The evolution of Microsoft’s solution for Application Lifecycle Management: Team Foundation Server – Part II

Part I: Introduction

Part II: Diving into the basics of ALM and how did Microsoft start with an ALM solution?

According to Wikipedia:

Application lifecycle management (ALM) is the product lifecycle management (governance, development, and maintenance) of application software. It encompasses requirements management, software architecture, computer programming, software testing, software maintenance, change management, project management, and release management.

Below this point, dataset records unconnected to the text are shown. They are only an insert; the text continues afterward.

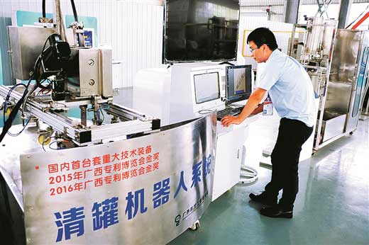 打造首臺(tái)套高壓清洗機(jī)器人。2014年底,高壓清洗機(jī)器人系統(tǒng)在廣西上上糖業(yè)有限公司正式投入榨季運(yùn)行,標(biāo)志著高壓清洗機(jī)器人系統(tǒng)研發(fā)成果順利實(shí)現(xiàn)產(chǎn)業(yè)化推廣。該系統(tǒng)是完全自主研發(fā),共獲21項(xiàng)專(zhuān)利(其中發(fā)明專(zhuān)利5項(xiàng)),獲廣西專(zhuān)利博覽會(huì)金獎(jiǎng)專(zhuān)利2項(xiàng),并于2015年獲得自治區(qū)工信委國(guó)內(nèi)首臺(tái)(套)重大技術(shù)裝備認(rèn)定,2018年獲得廣西創(chuàng)新發(fā)展驅(qū)動(dòng)(重大)專(zhuān)項(xiàng)支持。高壓清洗機(jī)器人系統(tǒng)是面向國(guó)內(nèi)外制糖、輕工、食品、化工、制藥等行業(yè),在狹小受限空間、高溫潮濕環(huán)境下,代替人工清洗加熱管機(jī)構(gòu)的機(jī)器人,屬世界首創(chuàng),達(dá)到代替?zhèn)鹘y(tǒng)人工作業(yè)方式、減少人員傷亡、提高安全生產(chǎn)率和提升清洗質(zhì)量的效果。目前,該系統(tǒng)已在廣西、云南、新疆等主要制糖產(chǎn)區(qū)企業(yè)大量應(yīng)用,并出口泰國(guó)、越南、緬甸等國(guó)家,受到海外客戶高度認(rèn)可,打造了廣西制糖智能裝備的優(yōu)質(zhì)品牌。
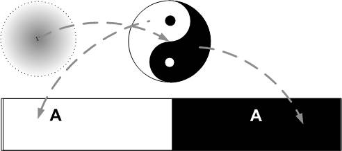 Музыкальная интерпретация, как мы уже увидели, гласит, что мир произошел от ноты Ля, от первого, отпущенного в свободное колебание звука. Еще нет никакого рояля, никакой октавы и никакой привычной нам гаммы. А есть единственная первичная нота «Ля» без всяких диезов и бемолей, единая в белой и черной клавише (рис.). Чтобы появилась октава, потребуется ряд более сложных волновых преобразований и не один пройденный эволюцией и создателем шаг.
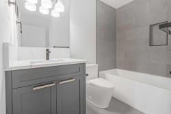 INSTANT EQUITY OF OVER 300K PLUS QUICK POSSESSION HOME !!! A CUSTOM DESIGNED LAKE FRONT MARVEL by SuiGeneris Homes! COMPLETELY RENOVATED DOWN TO THE STUDS WITH ALL NEW ELECTRICAL WIRING, PLUMBING, WINDOWS, SIDING, HUGE MAIN FLOOR DECK,MASTER SUITE PRIVATE LAKE FRONT DECK, Epoxy finish on garage floor. Oversized 2 car garage with epoxy floors, NEW FLOORING, NEW GARAGE DOOR, NEW HVAC, ALL NEW ROOFING, WINDOWS, DOORS, SPRAY FOAM INSULATION THROUGHOUT THE HOUSE AND MORE! COMPLETED WITH A NEW FLOOR PLAN AND ADDITION TO THE HOUSE. Sitting on a HUGE LOT THAT IS RIGHT ON THE LAKE with over 4,200 sq ft of living space. This well planned floor plan offers 5 Beds, 1 flex area, 5.5 baths & an attached OVERSIZED 2 car Garage. 3 ENSUITE BEDROOMS!!! ONLY 10 MINUTES TO/FROM CALGARY. The professionally designed interior is an elegant balance of light tan hardwood floors with white and grey walls and black finishing. The combination of Large windows and Vaulted ceilings in the living areas and bedrooms give lots of natural light to the living areas. In addition to the lake views, enjoy the views of the golf course from 2 bedrooms and a loft on the upper floor. Other features include Paved, drive through driveway, rich combination of Smooth Acrylic Stucco, stone & batten boards on exterior, Custom Cold Air Return Grills, Built in custom closet systems, ship lap feature walls, 2 fire places on main floor and one in master bedroom, Roughed-in Smart monitoring systems, Hardwood Flush Mount Vents in hardwood areas, open riser stairs, 5” Engineered Hard Wood on main floor, LVP basement floors and mudroom, premium carpet, Custom Shower Base with tile to ceilings in all showers, Premium Delta Plumbing package, 36” lower cabinets. All vanities have upgraded drawer style fronts, 8” Stone back splash, High efficiency Tankless Water Heater, Roughed-in Garburator, roughed-in Central Vacuum, High Efficiency Furnace & Smart Thermostat, BBQ Gas line and roughed in garage heater. The kitchen features include a deluxe Kitchen Aid appliance package with waterline to the fridge. Offering Quick and easy access to highway 16, Downtown Calgary, lots of shopping at the nearby East Hills Mall, restaurants, nearby schools and other conveniences. Drive through drive way with fully completed landscaping. MOVE IN READY HOME. READY FOR QUICK POSSESSION

For each specific technology, there exist one or more dedicated ALM tool(s) in the market. Only a few tools offer true support for cross-technology Application Lifecycle Management. Serena offers a number of related tools for requirements management, version control and release management. Serena Dimensions CM integrates for example with many popular application development tools straight out of the box like Visual Studio (.NET) and Eclipse (Java). Another example is Rational Team Concert (RTC) from IBM which is positioned as a lean collaborative lifecycle management solution. IBM also offers a rich RTC client plugin for Eclipse and Visual Studio. Atlassian is an Australian software company which focuses on issue tracking, collaboration and other related software development products to work faster and smarter, together. Their tools are very popular in the Java community, but they also offer a Visual Studio Connector to interact with JIRA issues and Bamboo builds right from Visual Studio. The Atlassian tools in combination with a powerful version control system like Git or Mercurial can also be seen as a competitor in the cross technology ALM space.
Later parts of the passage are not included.